Why Vocabulary Still Matters for SAT Reading
By James Rodkey
(ACT, SAT, ESOL, Latin, BMAT, GRE, TSA tutor at The Edge Learning Center)
I’ve written previously about how the new SAT explicitly tests vocabulary: the pre-2016 sentence completion questions are gone and have been replaced with context-based vocabulary questions that are generally much simpler. This only tells half of the story of vocabulary on the SAT, however. It is still entirely possible to get questions wrong on the Reading Test solely due to not knowing the meaning of a word in the passage or the answer choices. Consequently, developing an expansive vocabulary is still vital for achieving the highest scores on the Reading Test, even if the mode of testing that knowledge has changed.
In addition to the Vocabulary in Context questions that directly ask about the usage of certain words in a text, other questions often use words in their answer choices that can cause problems for test-takers who don’t know their meanings.
Purpose questions for example (those that ask about why an author includes a certain detail, usually ending in “in order to”) list answer choices that begin with a verb, sometimes an uncommon word. Not knowing the meaning of the verb will make it difficult to evaluate that answer choice. Here are some answer choices to Purpose questions that have appeared on past SAT exams:
- deride a viewpoint that has been gaining popularity.
- bolster a conclusion about the spread of farming in Europe.
- expedite the rate of genetic changes.
- extol the ready availability of goods in the United States.
- dramatize a strong view of a certain intellectual tendency.
- juxtapose Carrie’s perceptions of the city and her impressions at the theater.
Even if you understand the text and have an answer to the question in mind, not knowing a vocabulary word in the correct answer choice may prevent you from choosing it.
Attitude/Tone questions also often have uncommon vocabulary words in their answer choices.
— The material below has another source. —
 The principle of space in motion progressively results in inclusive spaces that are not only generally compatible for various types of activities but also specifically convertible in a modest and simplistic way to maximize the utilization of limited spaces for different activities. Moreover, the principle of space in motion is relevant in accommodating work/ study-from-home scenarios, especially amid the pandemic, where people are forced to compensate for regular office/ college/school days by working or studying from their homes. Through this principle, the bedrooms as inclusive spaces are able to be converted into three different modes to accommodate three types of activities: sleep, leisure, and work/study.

Answering these types of questions is nearly impossible without understanding these crucial words, which are usually adjectives or adverbs. Some answer choices to these questions on past SAT exams have included the words aggrieved, pessimistic, baffled, resentment, scornful, apprehensive, and melodramatic.
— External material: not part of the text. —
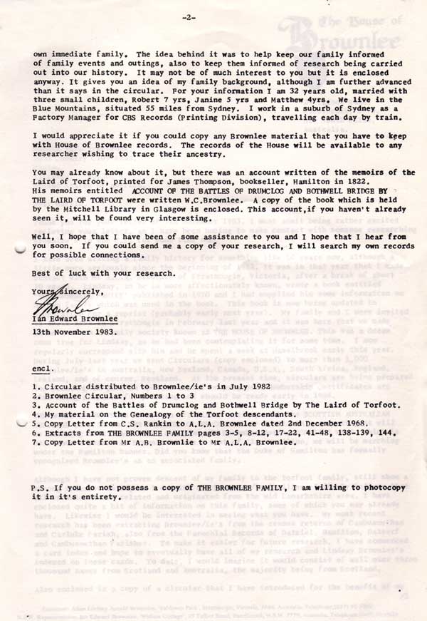 Letter from Ian Edward Brownlee to Martin Dale Armstrong 13 November 1983 page 2
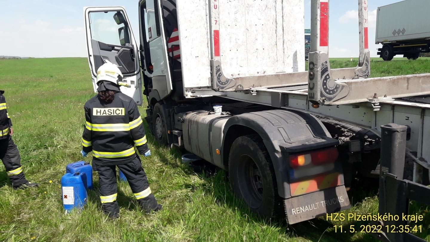 "Odhadem uniklo asi sedm set litrů nafty, část jsme zasypali sorbentem, část zachytili do úkapových nádob a sto sedmdesát litrů se podařilo z nádrží přečerpat do barelů," uvedl nám tiskový mluvčí hasičů s tím, že byl vyrozuměn i odbor životního prostředí.

Glancing through the answer choices from various other past SAT exams, I spotted several other potentially challenging vocabulary words: conspicuous, rectify, affluence, languish, conducive, precocious, eloquent, insatiable, renounce, vitality, obscure, reconcile, and exacerbated. These are just the words that appeared in the answer choices of SAT Reading questions, the ones that aren’t even Vocabulary in Context questions. The texts of the passages, which the College Board takes from authentic sources of academic and historical literature, surely contain myriad potentially tricky words as well.
So, although it’s true that the SAT no longer tests absurdly uncommon words like pusillanimous, supercilious, and pulchritudinous, it would be a mistake to think that vocabulary no longer matters.
The obvious question, then: how can you improve your vocabulary for SAT Reading? The obvious answer: read. Voracious readers have expansive vocabularies because they encounter more words than non-readers. There’s no vocabulary list you can find to save you; you simply need to become a reader. Read challenging texts, both fiction and non-fiction. If a particular type of SAT Reading passage confounds you more than others (narrative fiction, social science, history, natural science), find more examples of that kind of text. If you’re taking the SAT, you intend to go to college. If you go to college, you’re going to need to read and write a lot. Becoming a reader now will ease the burden of both of those things.